## Task to carry out:
Repeat nothing but the line that contains "Boat, removable slide, heart-shaped" and the lines after it, through the end of the listing, exactly as they stand; omit pictures.

## Raw data:
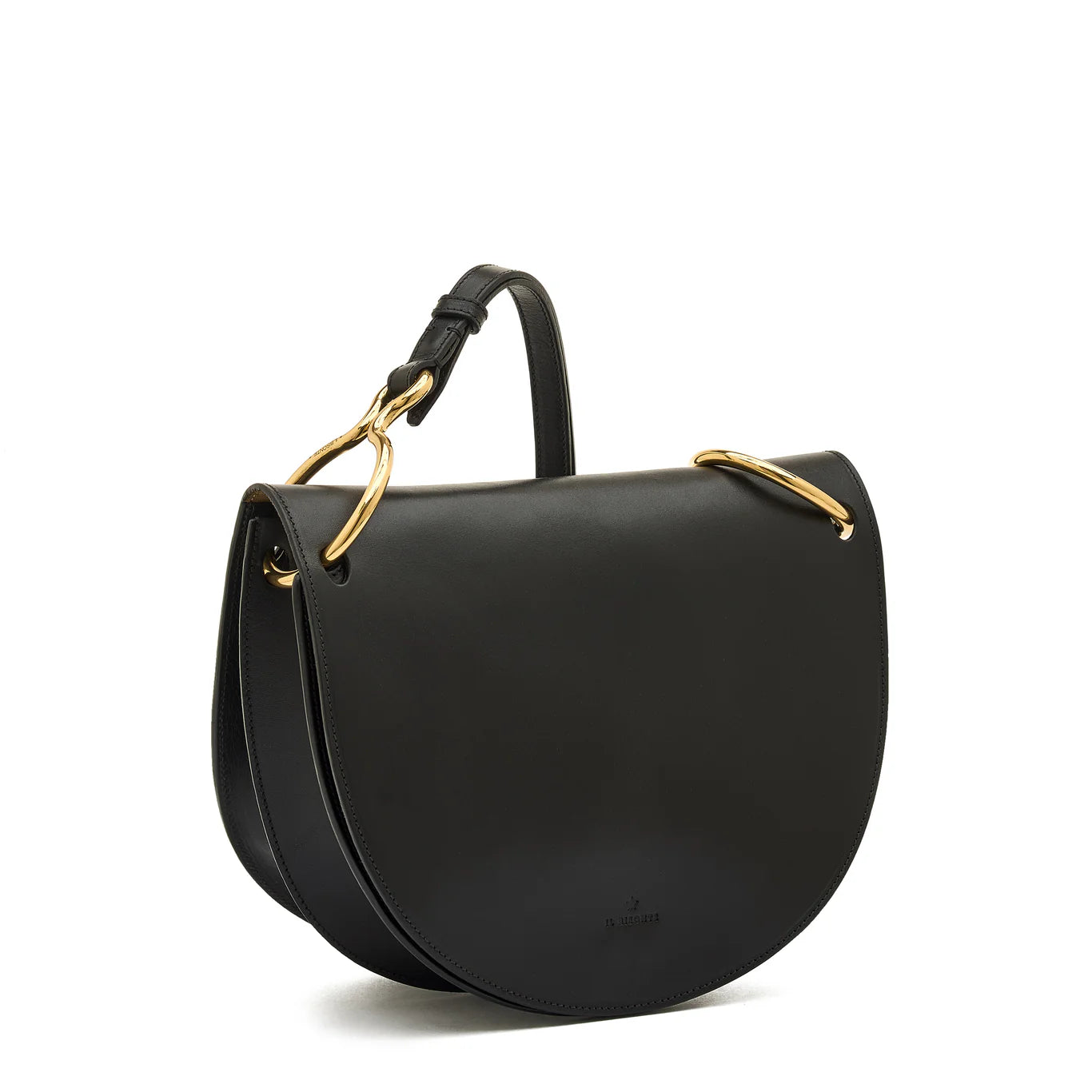 Women's bag in vegetable-tanned cowhide leather with large brass rings, flap and adjustable shoulder strap. Can be worn cross-body or over the shoulder, strap has brass studs to adjust the length. Under-flap closure with magnetic snap. Accordion-style opening. The interior, lined in suede, contains a double open pocket for credit cards and ID.
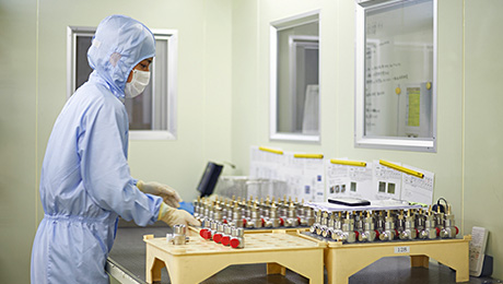 半導体材料ガス用バルブ製造のための、専用クリーンルームを設置。組立時に混入するパーティクルの極小化を可能にしています。
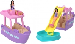 Boat, removable slide, heart-shaped pool, mini doll in swimsuit
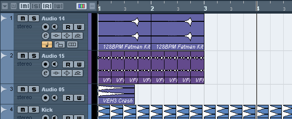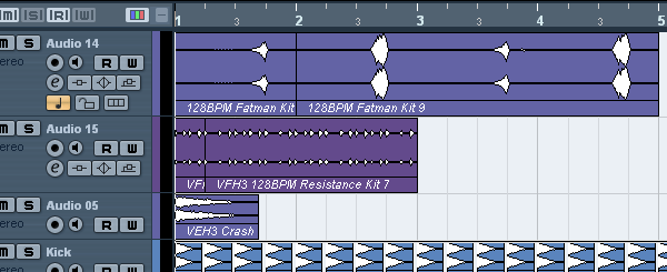 Далее жмем File -> Import -> Audio File и загружаем лупы 128 BPM Fatman Kit 9 из Vengeance Future House и VFH3 128 BPM Resistance Kit 7 из Vengeance Future House 3. После добавления лупов от них надо будет отрезать по кусочку разной размерности, от первого 1 такт (ставим квантайз 1/1), от второго одну четверть (ставим Quantize 1/4 соответственно):

## Solution below:
 Boat, removable slide, heart-shaped pool, mini doll in swimsuit
 Далее жмем File -> Import -> Audio File и загружаем лупы 128 BPM Fatman Kit 9 из Vengeance Future House и VFH3 128 BPM Resistance Kit 7 из Vengeance Future House 3. После добавления лупов от них надо будет отрезать по кусочку разной размерности, от первого 1 такт (ставим квантайз 1/1), от второго одну четверть (ставим Quantize 1/4 соответственно):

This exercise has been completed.